Pour terminer, quels conseils donnerais-tu à ceux qui veulent faire de la photographie leur métier ? Pour moi, il faut d’abord réaliser que c’est un métier difficile. Moi je dis souvent aux photographes débutants qui viennent me voir : « si quelqu’un te dit d’abandonner tout ce que tu fais pour être photographe, cette personne ne te veut pas de bien. ». Au Cameroun, on glamourise trop l’entreprenariat, alors que la réalité de tous les jours est loin d’être glamour. Que tu sois « fils de» ou pas, l’entreprenariat c’est la guerre tous les jours. Donc, le premier conseil serait de garder ou trouver un emploi salarié et se consacrer à la photographie seulement les weekends. Quand tu as réussi à maintenir un flux de clients assez constant, tu peux envisager de te lancer complètement dans la photographie. Ça demande d’avoir des côtes solides et un environnement encourageant, sur lequel on peut se reposer même pour pleurer car oui, quand on est entrepreneur, certains matins tout ce qu’on a envie de faire c’est pleurer parce qu’on est à bout. Il faut donc vraiment avoir un bon « support system » - c’est la première chose à vérifier côté humain, on va dire. La deuxième chose c’est de vraiment se former au métier. Pour être ingénieur c’est 5 ans d’études, pour être comptable ou spécialiste en

marketing c’est minimum 4 ans, pour être médecin c’est 7 ans. Qu’estce qui te fait penser que tu peux te lever un matin, aller acheter un appareil photo d’occasion dans n’importe quelle boutique et annoncer partout « ça y est, je suis photographe » ? Ça ne fonctionne pas comme ça, il faut s’asseoir et s’instruire.
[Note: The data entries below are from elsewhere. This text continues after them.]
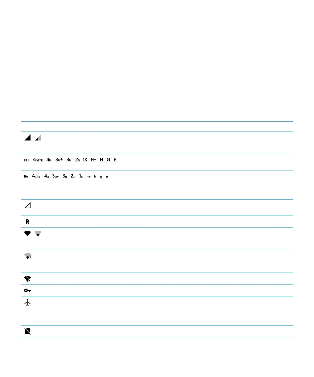The following icons might appear at the top of your screen to indicate the wireless coverage level that your device currently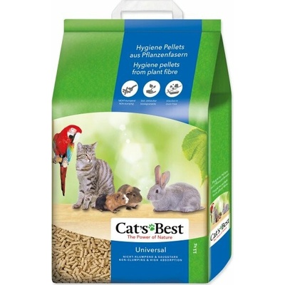 Pelety z čistě rostlinných vláken vhodné pro různá domácí zvířata jako např. kočky, králíky, křečky, činčily, fretky, morčata nebo různé druhy ptáků. Podestýlka Cats Best Univerzal dobře saje a přirozeně pohlcuje zápach.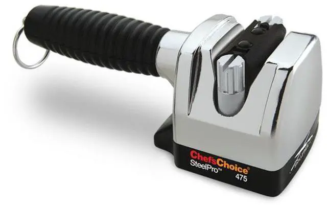 This SteelPro manual knife sharpener from Chef'sChoice? is a heavy duty, rugged cast metal unit geared towards the commercial food industry. It features super-hardened miniature steels and highly precise angle guides that deliver an edge far superior to conventional manually steeled edges. The super-hardened, non-abrasive miniature steels develop uniform ultra-sharp microscopic serrations along the entire edge of the blade. Steeling consistently at a precise angle, this SteelPro sharpener does not round off the knife edge as conventional steels do - it maintains the original sharp edge geometry and creates uniform microscopic serrations that work together for a better cutting edge.
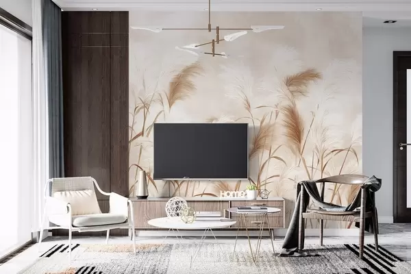 Fototapeter Elegant pampasgress blomstrer i myke beige og melkeaktige toner Nr. w09150v1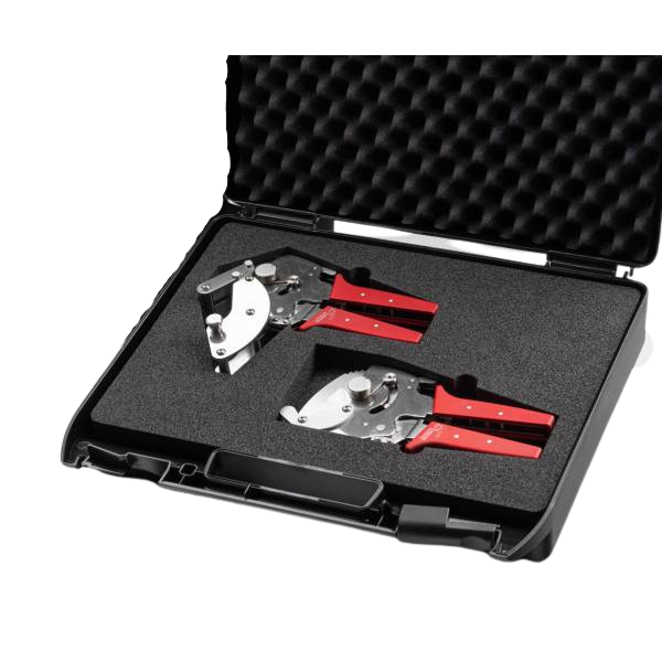The standard toolset includes ratchet scissors and locking pliers, while the premium set features rustproof, anodized aluminium handles.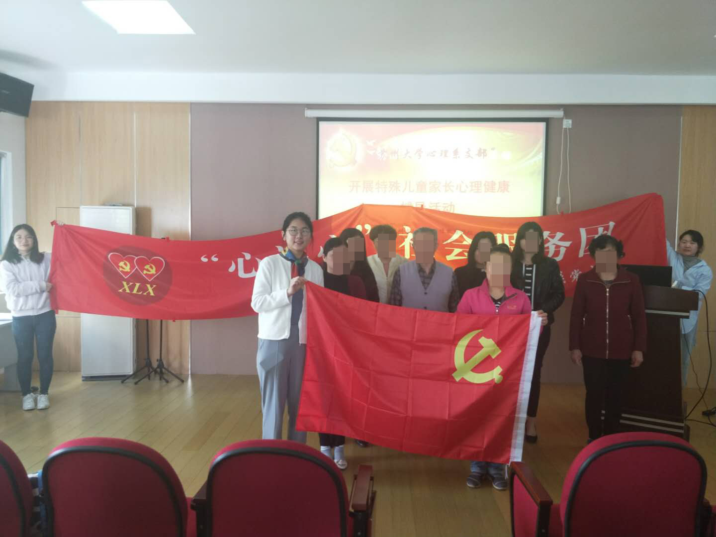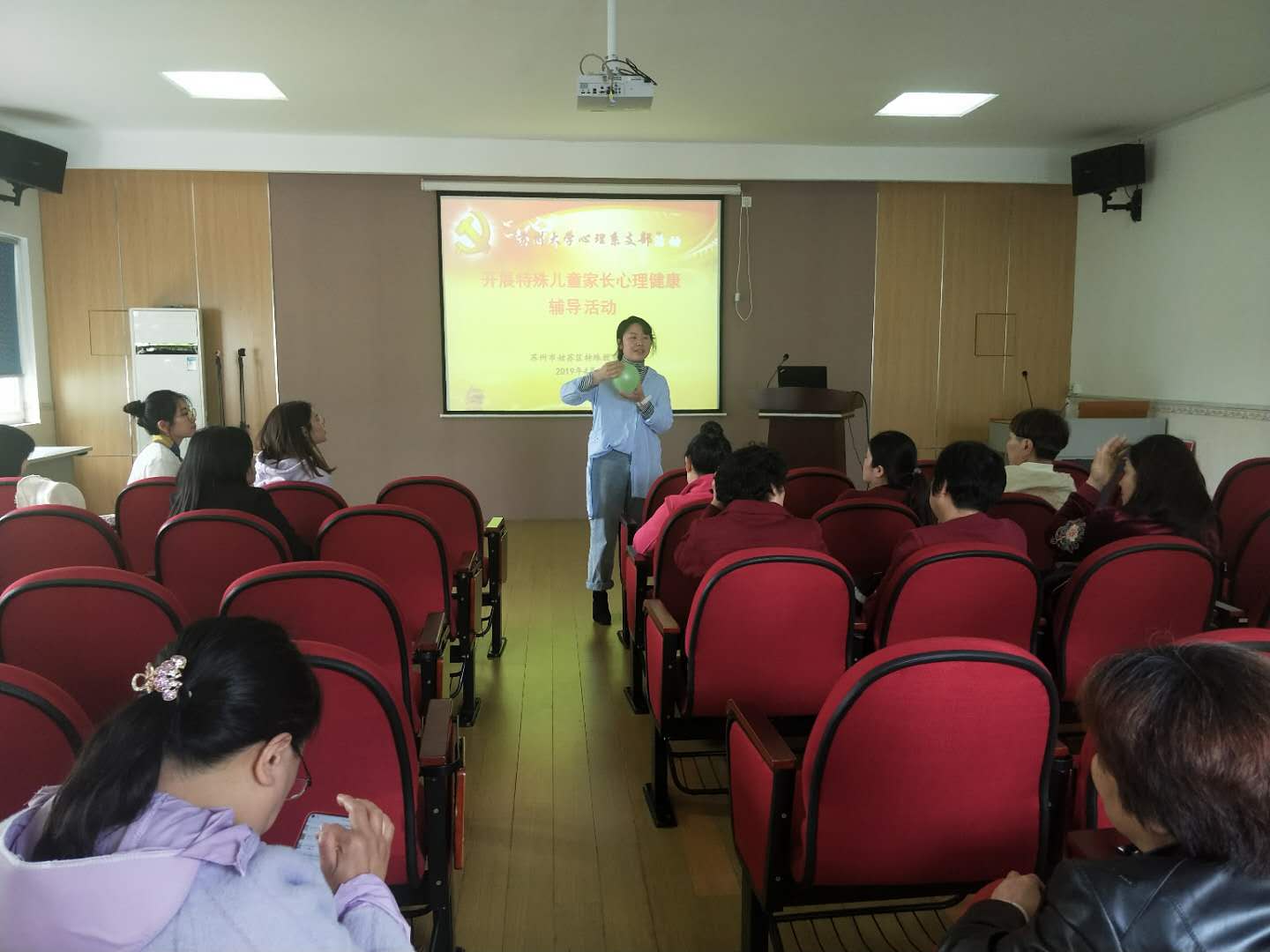 在温馨的多媒体教室中,小黄书 党员黄辛隐教授的研究生团队与该校许多特殊儿童家长就“缓解压力,调整自我”为主题进行交流,帮助家长们纾解内心,放松自己。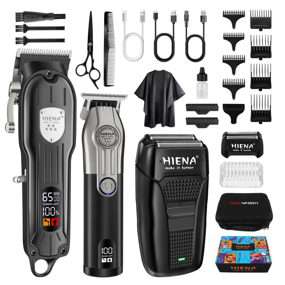 HIENA PRO Professional Hair Clippers Men Cordless Electric Beard Trimmer and Foil Shaver Set Home Hair Cutting Kit Type-C Rechargeable for Barber Clippers with LED Display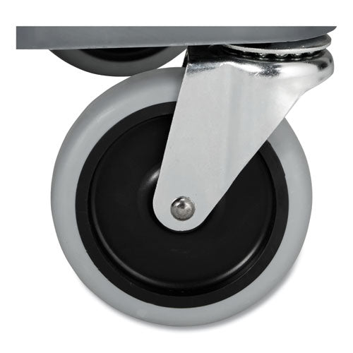 The Rubbermaid Commercial Xtra Instrument and Utility Cart is a rolling utility cart with two shelves, a lockable cabinet and a sliding drawer. Constructed from durable plastic, the wheel cart has sturdy swivel casters for smooth movement, and raised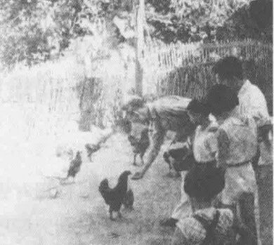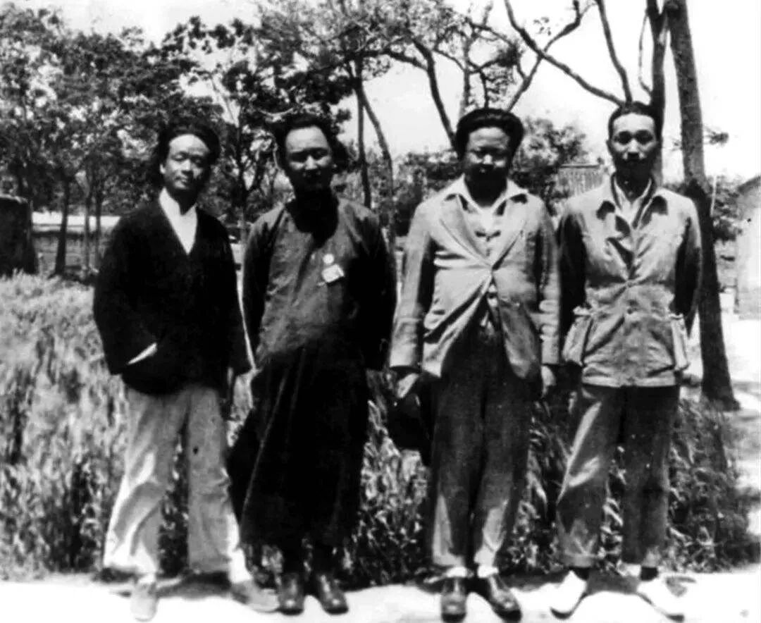 金岳霖喂鸡,身后三人依次为梁思成、梁从诫、梁再冰

Et ne surtout pas négliger des outils comme You Tube ! Les gens ont tendance à penser que pour apprendre il faut forcément aller à l’école. Personnellement, ma salle de classe ça a été YouTube, les livres et mes collègues. Donc il faut se former, écouter, et surtout être humble. Pour finir, il y a un aspect que les gens oublient souvent : ce sont les relations humaines. Les gens vont oublier ce que tu as dit mais ils vont se rappeler de comment ils se sont sentis. Il faut donc apprendre à bien les traiter et comprendre qu’à partir du moment où ils paient pour un service, on a l’obligation de donner le maximum, qu’on ait reçu 100 francs ou 100 millions. C’est ça qui permet derrière que tes clients te recommandent, parce qu’ils auront eu une bonne expérience. J’ai la chance d’avoir des clients qui me recommandent à leurs proches et c’est ça qui me permet de faire tourner la machine.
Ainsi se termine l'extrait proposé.